About
I am a Computer science undergrad from VIT, Vellore. I enjoy building algorithmic solutions to real world problems. I tweet, make projects and have a technical blog as a hobby. I am also a passionate public speaker (toastmaster).
Education
Bachelor of Technology, Computer Science and Engineering
Vellore Institute of Technology, 2018 - 2022. CGPA (till 5th semester) - 8.54
Skills
Technical Skills
Languages
- Java (Data Structures and Algorithms)
- Python for Datascience
Course Work
- Web Mining
- Data Visualisation
- Machine Learning
- Natural Language Processing
- Image processing
Other skills
- Public speaking
Personal Projects
Project 1 : COVID Query using NLP
Automatic question answering system for COVID19 queries from reliable resources using Natural Language Processing.

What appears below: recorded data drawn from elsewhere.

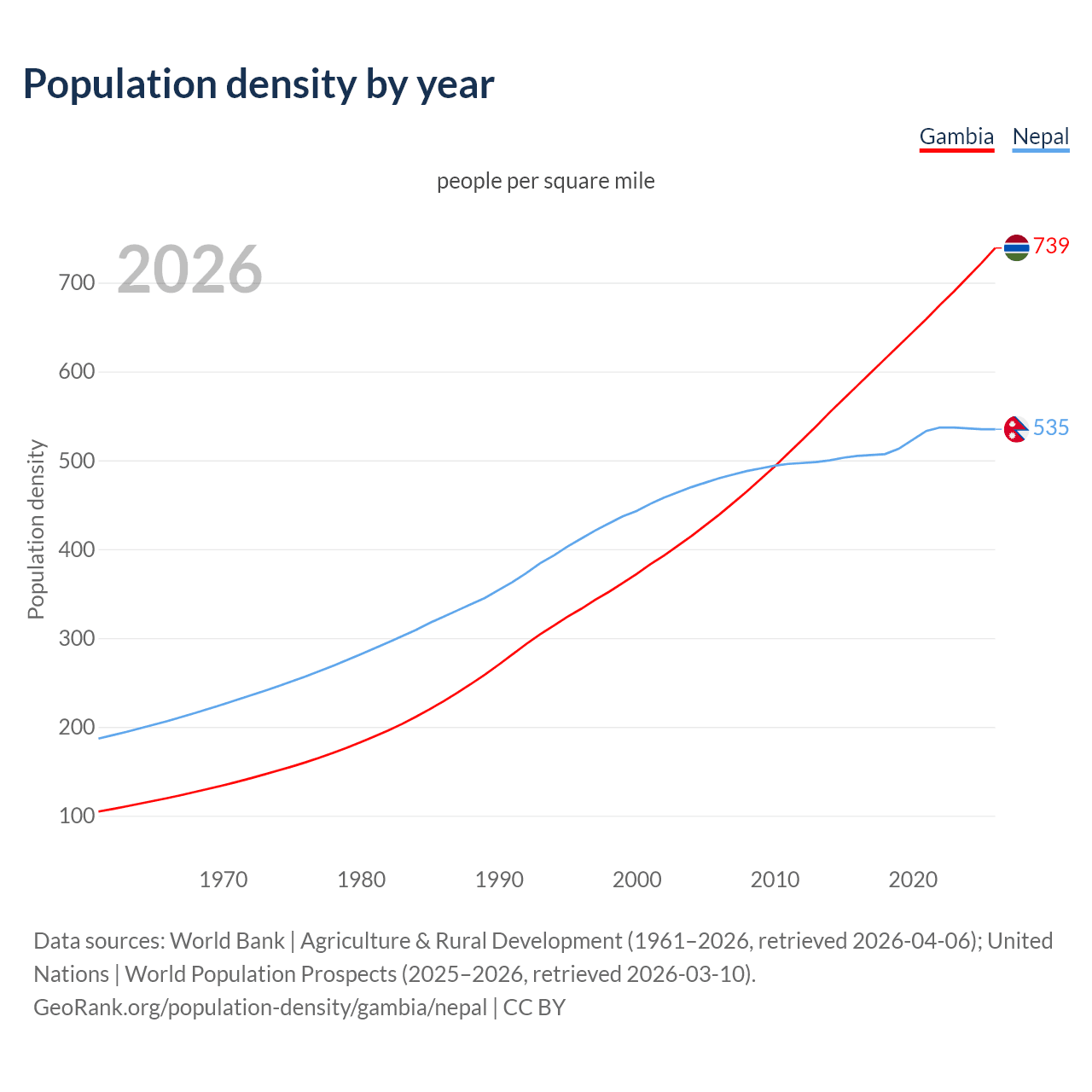 From 2006 to 2026, population density in the Gambia increased by 68.2%, compared to a 11.4% growth in Nepal.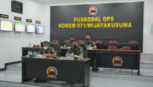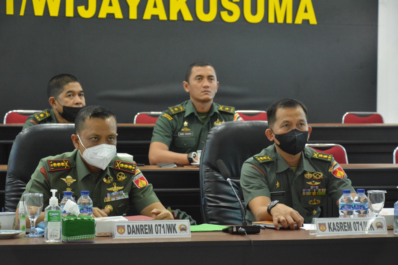 BANYUMAS | Untuk mengantisipasi melonjaknya kasus Penyakit Mulut dan Kuku (PMK) di wilayah Jawa Tengah, Danrem 071/Wijayakusuma Kolonel Inf Yudha Airlangga, S.E., ikuti Video Conference yang diselenggarakan oleh Pemerintah Provinsi Jawa Tengah dan Kodam IV/Diponegoro, Rabu (13/7/2022) di Ruang Puskodal Ops Makorem 071/Wijayakusuma, Sokaraja, Banyumas.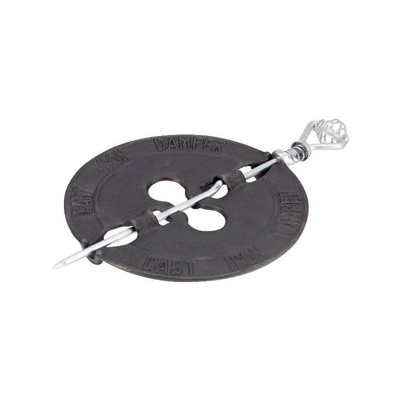 Point pierces any ordinary stove pipe. Steel spindle is 1-piece continuous construction. This unique spike and handle system is made of sturdy steel. Disc is made of cast-iron. Full-tension grip is not affected by heat. Spindle has a hump guide that guides the spindle into locking position.

Exposure: BeautifulSoup, Numpy, Pandas, Textblob, Wordcloud, Bag of words, Word2Vec, GloVe, TF-IDF, Bert.
Project Overview
- Data was collected from various government websites from the FAQ section using a custom built python scraper. The dataset has two coloums, questions and answers. - Wordclouds of both the coloums were plotted, and polarity and subjectivity of two coloums were checked using textblob. - All the rows were pre-processed and tokenized. - Phrase embeddings of each row was found using 5 different NLP models - Bag of Words, Word2Vev, GloVe, TF-IDF and BERT. - Cosine similarities of the Query embedding was compared with the datset to retrieve the closest question and the answer. - Accuracies of all the answers retreived by the five models were compared using various testcases to find which model gave the best answer.
Project 2 : Netflix Wrapped (Ongoing)
Streamlit app that analyses your Netflix Viewing activity, inspired by Spotify Wrapped.
Project Overview
- My viewing history was downloaded after requesting for a download of my personal information from my account. It was processed within 10 hours. - Data was pre-processed and analysed using Seaborn and matplotlib.
Project 3 : VITian LinkedIn data Analysis
Pre-processing, Classification and geo-spatial clustering of VITian LinkedIn Profile data
Exposure, Numpy, Pandas, Sklearn, Matplotlib, Classifiers, BERT, Geo=Pandas, Silhoutee score, Wordcloud
Project Overview
- 5000 profiles of VITians were scraped from LinkedIn and labelled into 7 different domains. - Coloums were pre-processed using various techniques to reduce null values and handle inconsistencies. - EDA on the data was done using Tree Maps and Subburst Graphs to undertsand the Heirarchy in the dataset. - Classification of profiles into different domains was done using profile summary and profile headline. - BERT encoding for all the coloumns were found, and PCA was done during feature selection. - Geo-spatial clustering of the data was done using DBSCAN and plotted on a worldmap using location in the profiles. - Sillhoute score was found and Wordcloud analysis of profiles under each cluster was done, to understand more about the people in each cluster.